ELI5: If you were to measure a firefighter, a soldier, and a ballerina... firefighters' and soldiers' boots are much heavier than ballerinas' pointe shoes. Ballerinas don't wear helmets. Firefighters carry hose but soldiers don't. Who wears no helmet or hose and light shoes? Helmet and no hose?
Flow cytometry works by tagging specific proteins with fluorescent markers and measuring the fluorescence. The proteins are named things like “CD34” or “CD38”, where CD stands for “conserved domain”. You can think of them like the shoes, hose, helmet in the example above.
In figure 1, a normal patient shows the rough distribution of normal WBCs as they develop, with a smooth curve representing a normal transition of CD34 to CD38 in a population. On the right is a leukemic patient, who has an anomalous population of low CD34 AND low CD38 cells that doesn't really ever happen "naturally".
A pathologist will look at maybe dozens of plots like the one in figure 1. The thing is, a computer is great at crunching arrays of samples like this very quickly. There's the rub.
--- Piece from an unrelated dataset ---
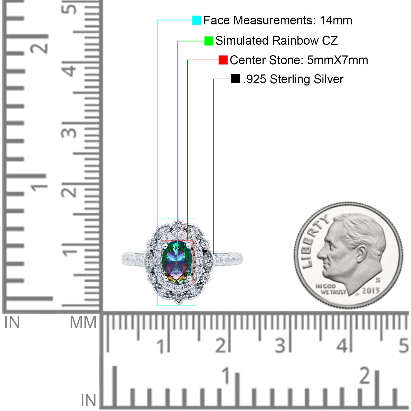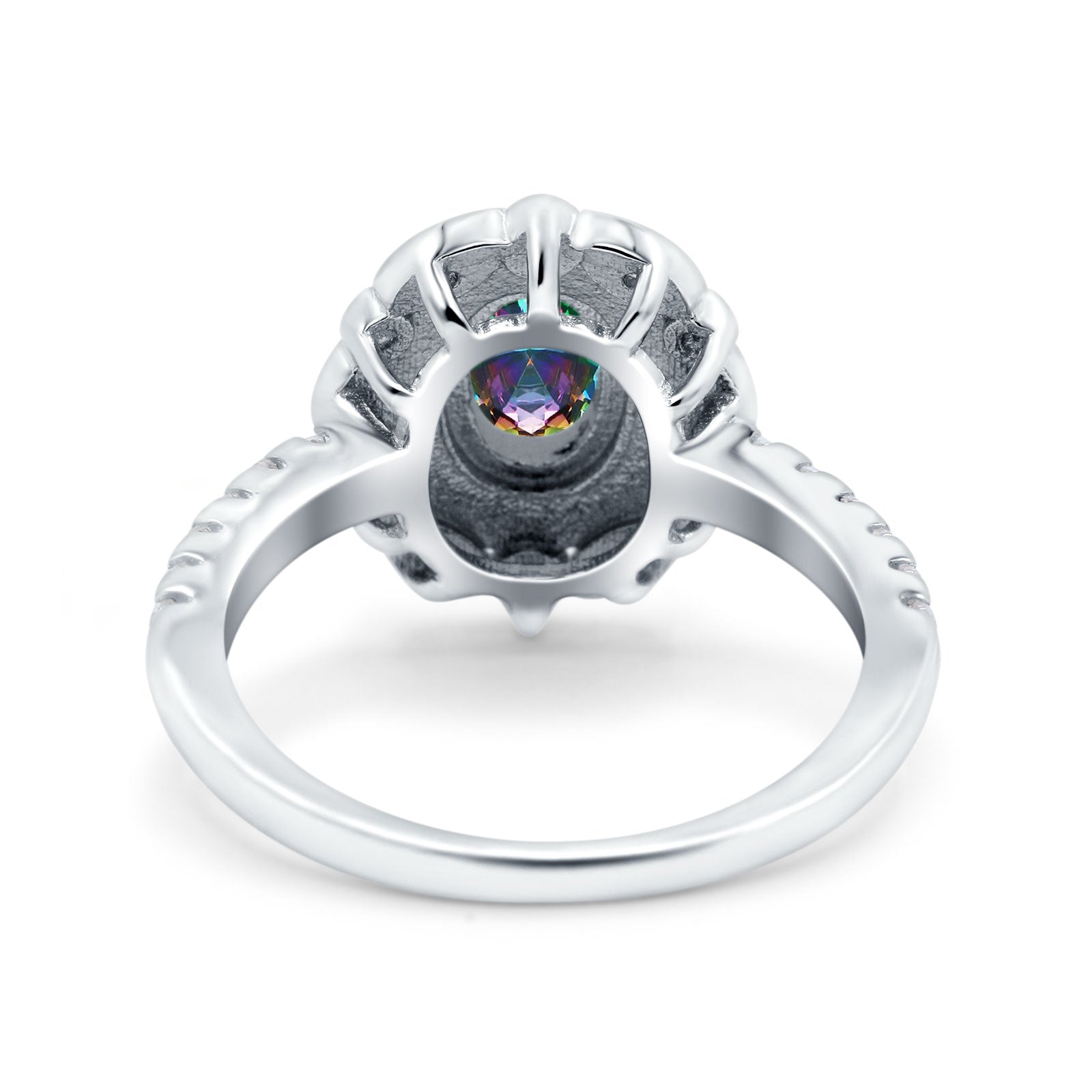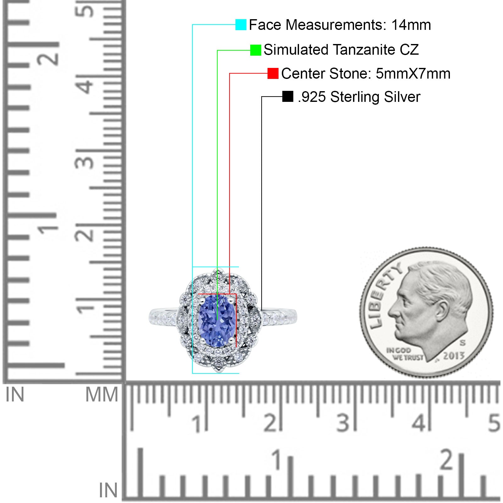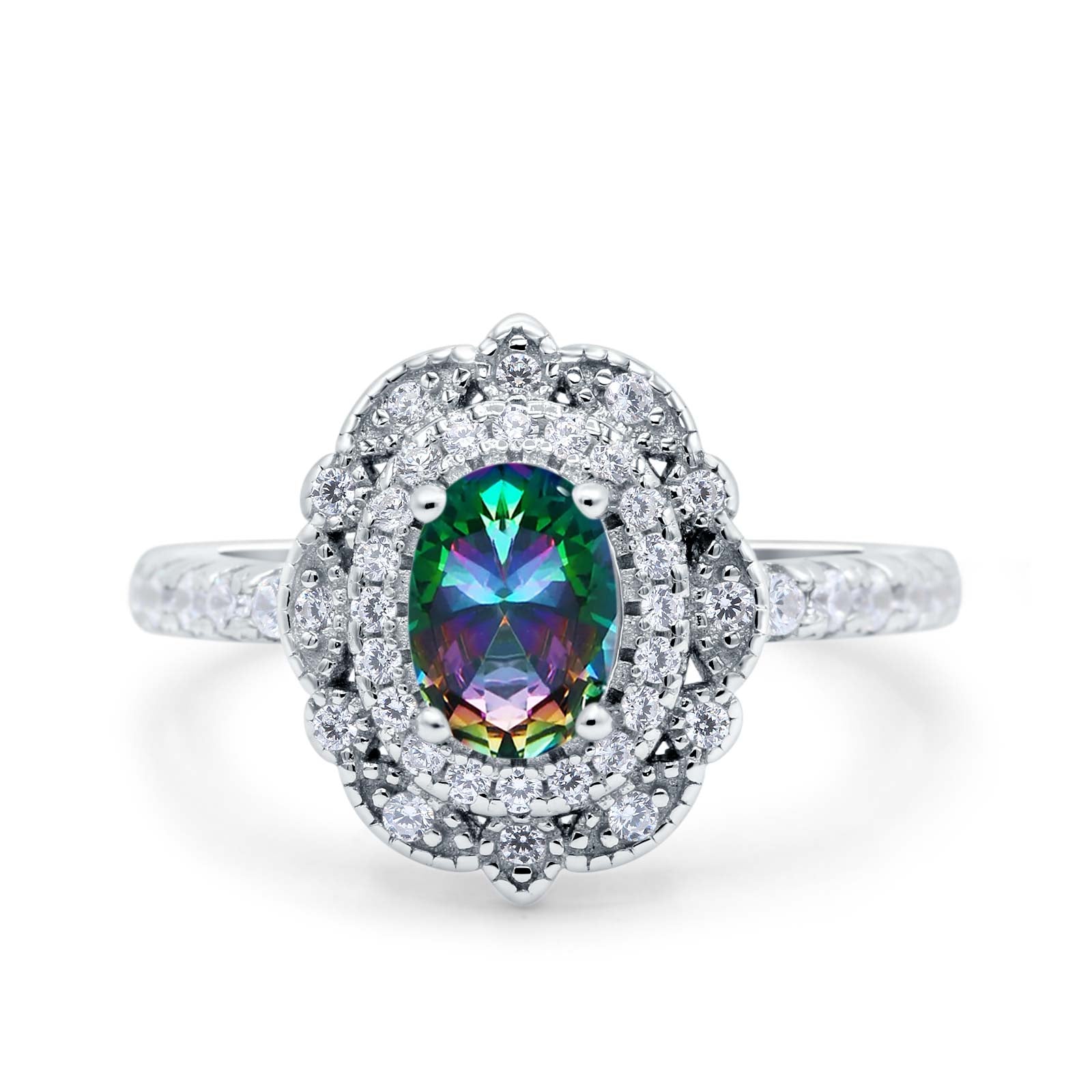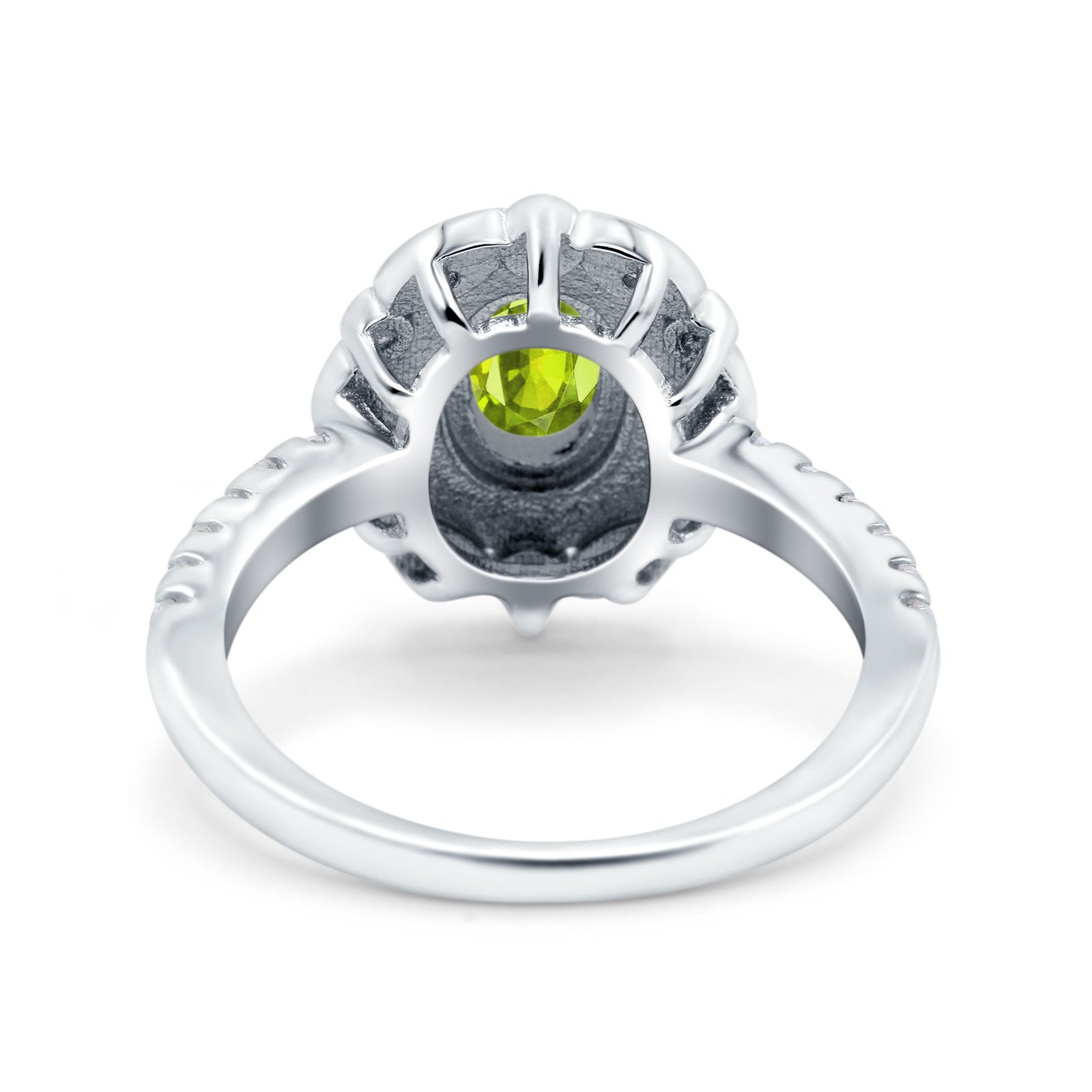 Halo Vintage Style Art Deco Solitaire Accent Oval Wedding Engagement Ring Simulated Cubic Zirconia 925 Sterling Silver

Napkin math: pathologists cost roughly $1 per minute, and a straightforward flow may take 10 minutes... there are at 150,000 new cases of leukemia per year. The tab comes out to $1,500,000 per year... this does not count negative cases, periodic retesting for relapse, and retesting for treatment monitoring, which is really a huge portion of flows. Not to mention, flow cytometry is used for many other types of molecular classNameification and this method can easily be adapted across other uses as well.
Data!
There happens to be a flow cytometry repository at flowrepository.org. ;) This dataset contains 359 people, including 43 patients suffering from acute myeloid leukemia (AML), a subtype of leukemia. I used this git repo to preprocess the data. For each patient there are a combination of about 30 of the same proteins that were measured with flow cytometry for the roughly 30,000 cells in each sample. The measure of the proteins is in units of fluorescence, ranging from 0 (no protein) to 1015 (lots of protein). A scatter plot of the first patient's first two markers results in the scatterplot below.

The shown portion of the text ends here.